The newest element, called “Something Extra Try-It,” is being referred to as an “online advocacy program,” as reported by SN recently. Loyalty program customers who register for Try-It and complete surveys can receive free new product samples based on their previous purchase habits.
Recent examples included seasonal products tied to Easter, and specific items like soups, said Malcolm Faulds, senior vice president, BzzAgent, and head of global marketing for Dunnhumby.
So far the focus has been on private label, but the effort will now layer in national brands as well.
Customers who participate are encouraged to spread opinions about these products, both through face-to-face exchanges and via Facebook, Twitter and other social media outlets.
“Social marketing is important for Raley’s and this program helps us identify our best customers online and reward them with experiences they’ll want to share with their friends in social media and in person,” said David Palmer, Raley’s vice president, marketing and customer relationships, in a company statement.
Read more: Raley's Encourages Online Consumer Advocacy
Here are some of the most interesting aspects of the Raley’s strategy:
• It puts customers to work for the retailer, which is a remarkable thing if you think about it. Shoppers aren’t just asked to spread opinions in return for free products, they’re actually scored on things like quality of content submitted and how actively they participate.

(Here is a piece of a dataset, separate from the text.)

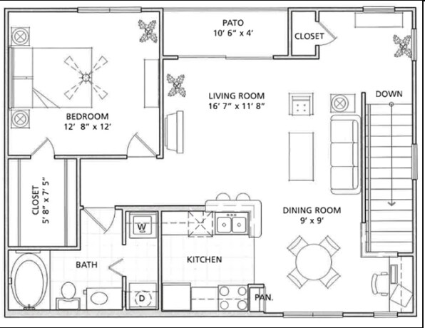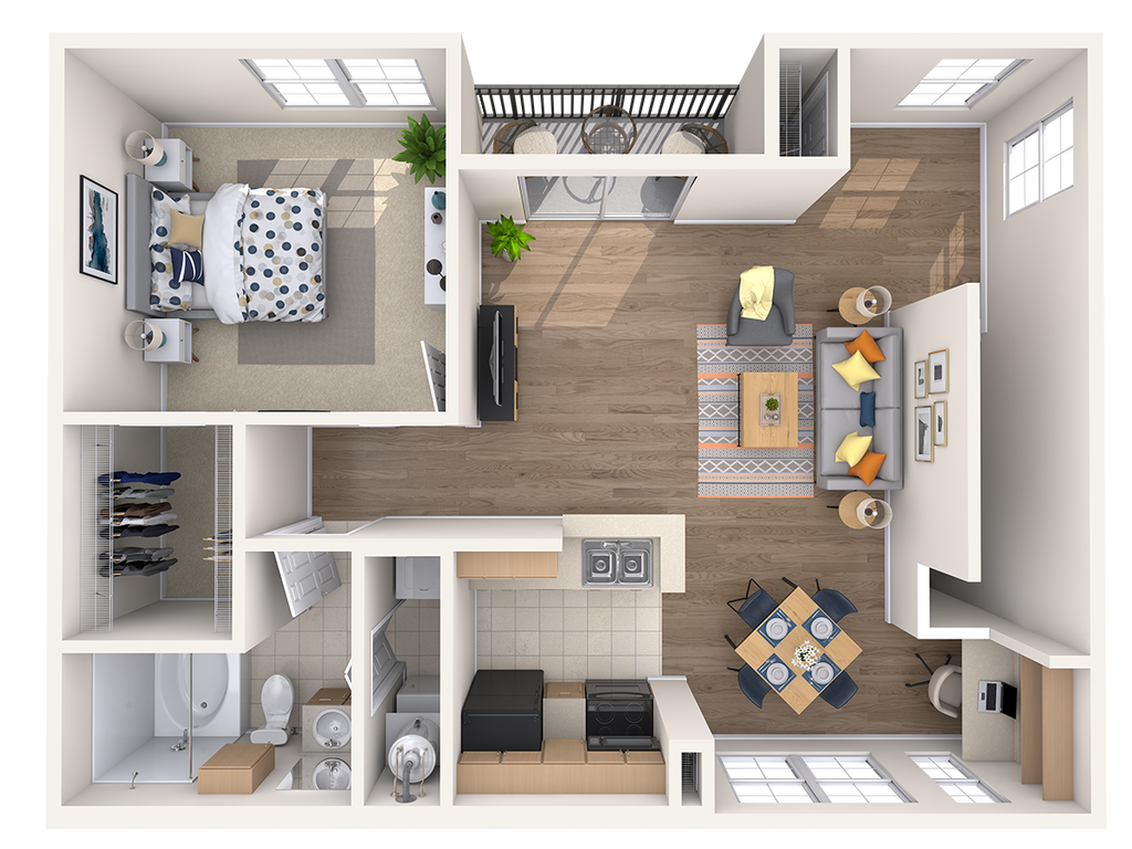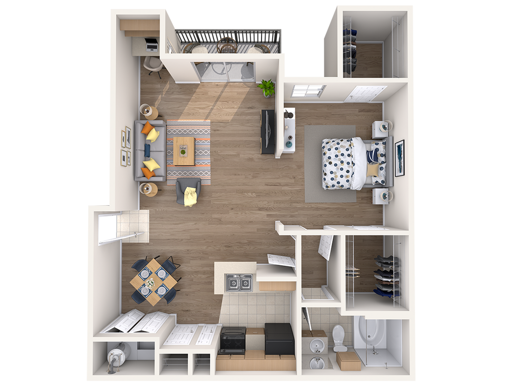 Estudio, 1 Baño, 592 pies²El más grandeEsta opción tiene las unidades más grandes para este modeloGalería del Modelo

Low scores make it less likely they’ll be asked to participate in the future.
• It links social media more closely with customer loyalty data so that the people doing the social media advocacy are the most relevant group.

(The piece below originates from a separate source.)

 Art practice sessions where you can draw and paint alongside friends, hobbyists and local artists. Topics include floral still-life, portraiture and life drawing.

• This is an unusual case because Dunnhumby, which has a deep relationship with Kroger, is partnering with another U.S. grocer. However, Raley’s doesn’t overlap with Kroger markets.
• It represents a new investment direction for Raley’s. The retailer said it has diverted budgeted dollars from other traditional paid media to fund Try-It. That point evokes the recent comments of Safeway’s Steve Burd, chairman and CEO, who said the California-based chain may discontinue print ads in the U.S. by year-end because of the success of its Just for U marketing platform.
You might say the jury is still out on the effectiveness of this nontraditional approach from Raley’s. But here’s a reason to think the ultimate verdict will be success. Something similar was tried in the middle of last year. Kroger and U.K.-based Tesco partnered with BzzAgent to recruit Millennials willing to comment on new products in blogs and social media. Tesco’s efforts focused on the premium ice cream line called ChokaBlok, and the results were conclusive: A double-digit sales increase and a strong ROI that was similar to results of targeted direct response vehicles.
That’s the kind of outcome that makes it likely we’ll see more efforts along these lines.